So, I think the key part from rob's answer is

$$ \frac{dN}{dE\cdot dA \cdot dt\cdot dI} $$

You're not bothered by the fact that if you ran the experiment twice as long, or used a detector with twice the area, or drove twice as much current through the source, that you'd double the number of photons you find. For energy the relationship is nonlinear: the total number of events is N=∫dNdEdE, and what's plotted here is the differential dN/dE.

Another way to say it is according to @dmckee --- ex-moderator kitten that you have to normalize the bins of the y-axis to those of the x-axis to account for the different binning between them.

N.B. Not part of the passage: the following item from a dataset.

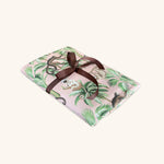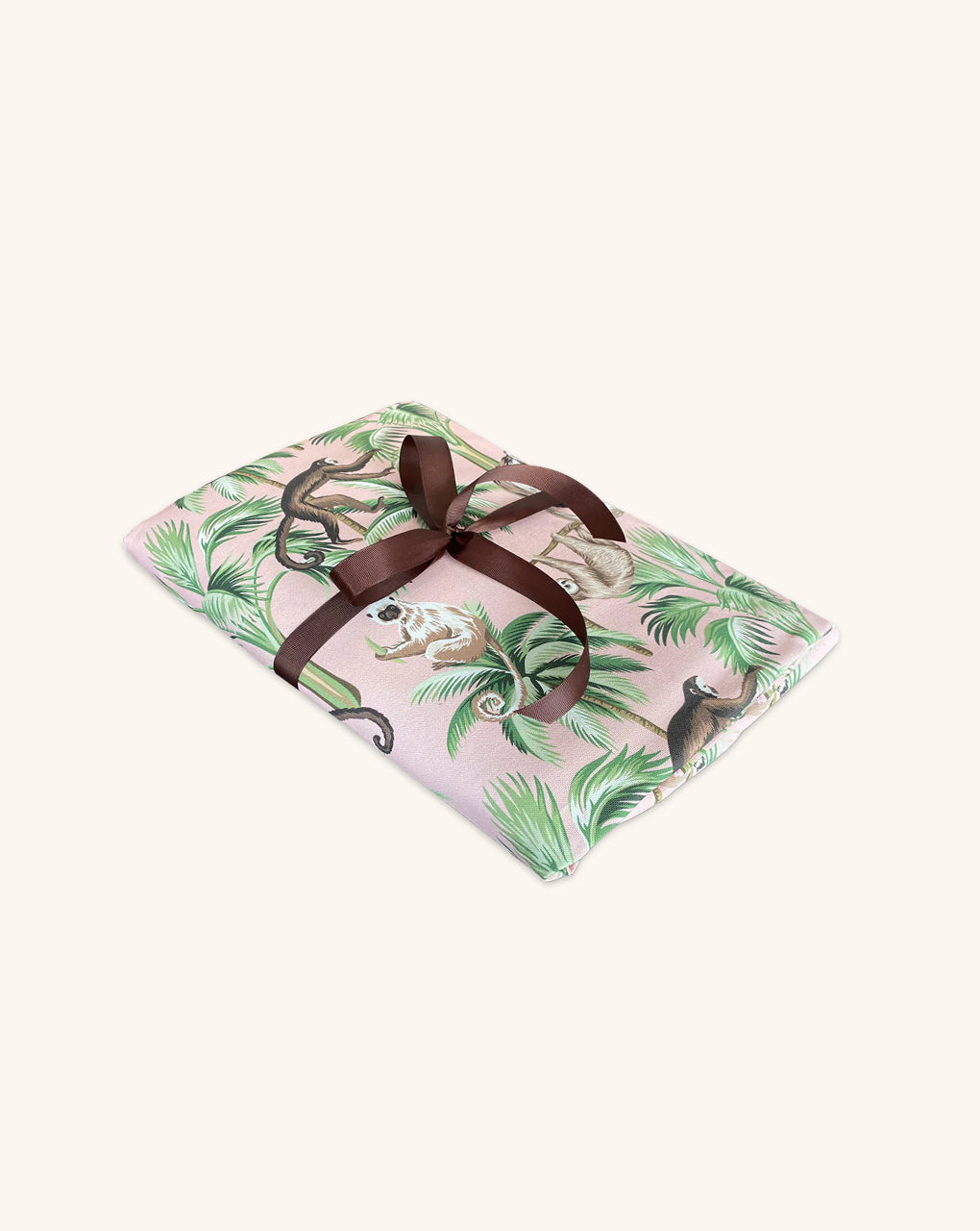 Mantel de mesa rectangular con estampado tropical de palmeras y changos y fondo rosa. Ideal para una mesa cool y divertida de verano.

I think this means you'd need the data itself in order to represent the data for a different dE. However, I could be mistaken about this and maybe someone more experienced can provide a better answer.

[old part:]

The "per MeV" means divided by one mega-electron volt which is MeV = $10^6$ eV.

The first few figures of the paper you provided are all particle fluxes with similarly expressed units. Ultimately, whether you want to express them in terms of MeV or GeV = $10^9$ eV is a matter of the data that is being plotted, since it is just a scaling. For instance, if I had data of the mass of various stars as a function of their ages, then I can choose to scale the mass units by whatever is relevant for the regime I'm working in: earth masses, jupiter masses, solar masses (which is typical in astrophysics), etc...

So, unless I've misunderstood your question, that energy is just a scaling for the plots. Similar to how figure 9 of that paper is scaled by $10^{-24}$.

I'm not sure what you mean when you say "How do I convert particle flux units per MeV into particle flux units (without the MeV part)?" This is pretty customary, for example see here. Perhaps you can refine your question?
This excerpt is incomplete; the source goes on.